ISO 27001 API control evidence
What middleBrick covers
- Black-box scanning with no agents or code access
- Read-only methods only, no destructive payloads
- Covers 12 categories aligned to OWASP API Top 10 (2023)
- OpenAPI 3.x and Swagger 2.0 parsing with $ref resolution
- Authenticated scans with Bearer, API key, Basic, and Cookie
- Exportable findings for audit documentation and compliance artifacts
What ISO 27001 control evidence for APIs looks like
ISO 27001 requires demonstrated controls over information security, including access control, encryption, and monitoring. For APIs, this means evidence that authentication is validated, data exposure is limited, and operations are auditable. Teams often mistake policy documents for controls, producing checklists without runtime proof. middleBrick maps findings directly to security controls, providing artifacts you can reference during audits.

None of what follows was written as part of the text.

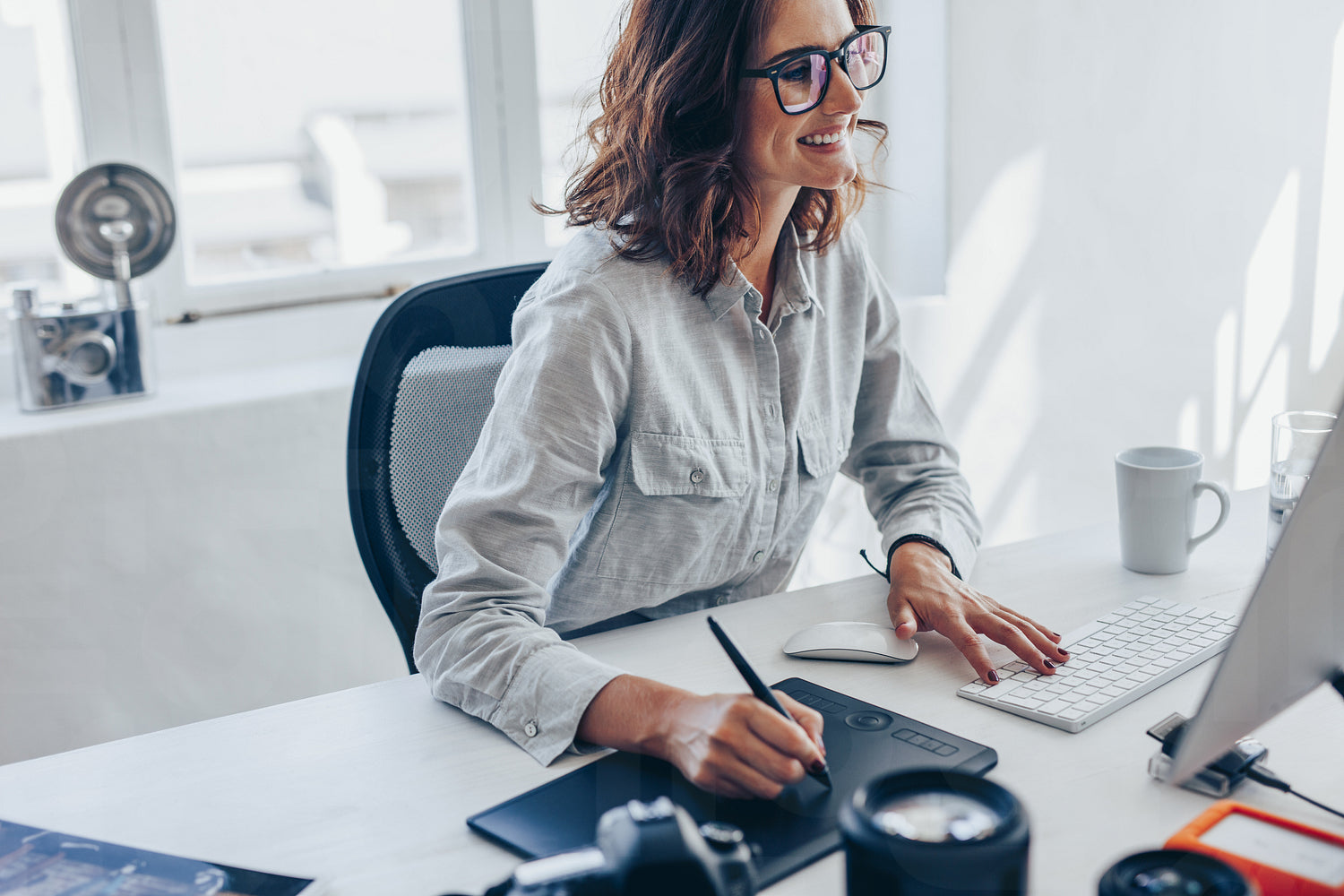Young female photographer working on computer using drawing pad at office desk. Young caucasian woman using digital graphic tablet and drawing pen to retouch the images.
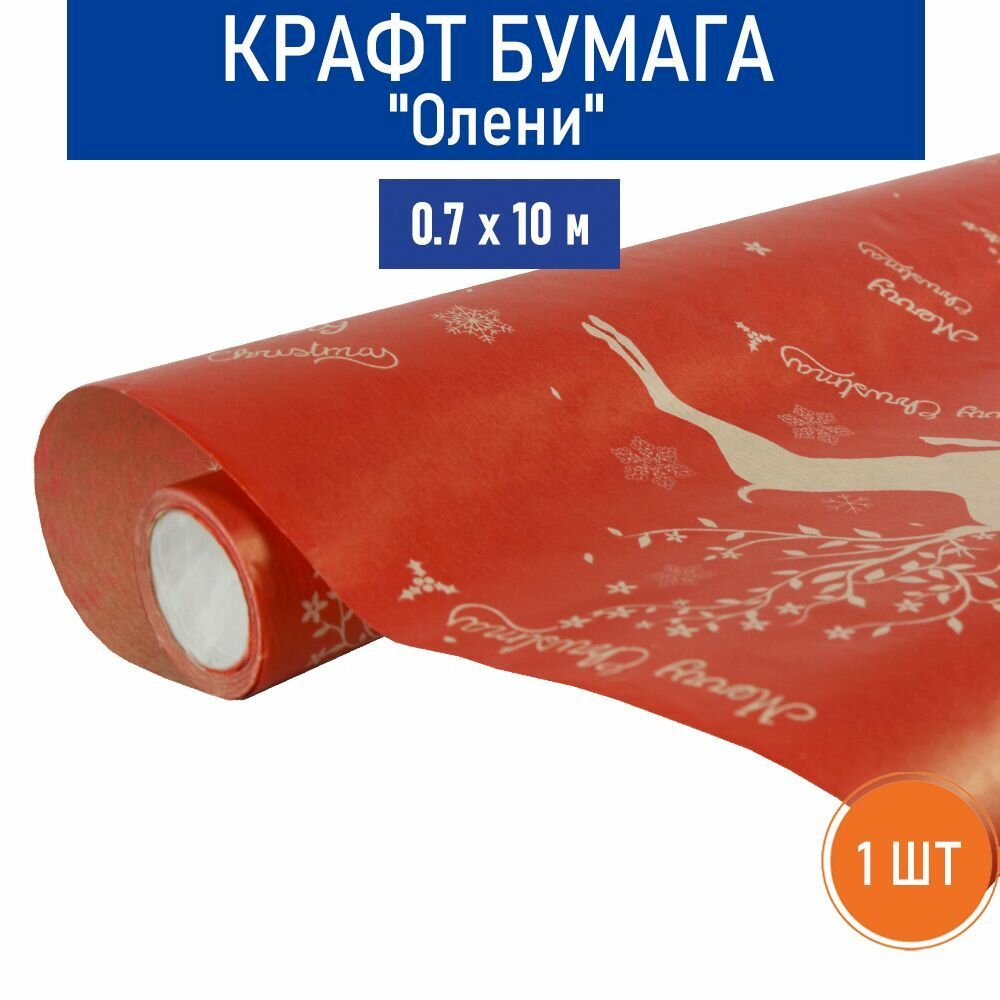 Бумага крафт "Олени" RussCarton, красный, 0.7х10 м, 1 упаковка. интересное:

Common gaps when skipping structured API evidence collection
Without a repeatable scanning workflow, teams rely on manual testing or informal reviews, which miss inconsistent configurations and drift between releases. Common gaps include weak authentication setups, over-exposed data fields, missing encryption enforcement, and unchecked integrations that increase the attack surface. These gaps weaken audit readiness and increase the likelihood of control failures during assessments aligned with security frameworks such as PCI-DSS 4.0 and SOC 2 Type II.
A practical workflow for continuous API control evidence
Integrate scanning into design review, pre-release, and periodic reassessment stages. Start with asset inventory and versioned API definitions such as OpenAPI 3.0, 3.1, or Swagger 2.0, with recursive $ref resolution validated against runtime behavior. Run black-box scans to detect authentication misconfigurations, IDOR, data exposure, and encryption issues, then compare findings against defined security baselines. Track score trends, store signed artifacts for audits, and use automated gates in CI/CD to block merges when risk thresholds are exceeded.
middlebrick scan https://api.example.com/openapi.json --output jsonAuthenticated scans with Bearer, API key, Basic auth, or Cookie can be enabled for environments behind access controls, provided domain verification is completed. Restrict forwarded headers to Authorization, X-API-Key, Cookie, and X-Custom-* to limit credential exposure.
What middleBrick covers out of the box for ISO 27001 evidence
The scanner operates as a read-only black-box tool, submitting GET and HEAD requests plus text-only POST for LLM probes. It detects issues across 12 categories aligned to OWASP API Top 10 (2023) that support audit evidence for common ISO 27001 controls. Out-of-scope methods and destructive payloads are never used. Private IPs, localhost, and cloud metadata endpoints are blocked at multiple layers. Customer data can be deleted on demand and is never used for model training.
- Authentication and session management, including JWT misconfigurations and security headers
- Broken Object Level Authorization and excessive property exposure
- Input validation, CORS misconfigurations, and dangerous HTTP methods
- Rate limiting, oversized responses, and error leakage
- Data exposure indicators such as PII patterns and API key formats
- Encryption enforcement, HSTS, and cookie attributes
Limitations and responsible use of scanning results
middleBrick is a scanning tool and does not fix, patch, or remediate findings. It does not perform active SQL injection or command injection testing, detect business logic flaws, or provide blind SSRF validation. It surfaces findings relevant to security frameworks and helps you prepare for audits, but it cannot certify compliance or replace human review for high-stakes assessments. Use the output as evidence to guide remediation and to inform risk-based decisions.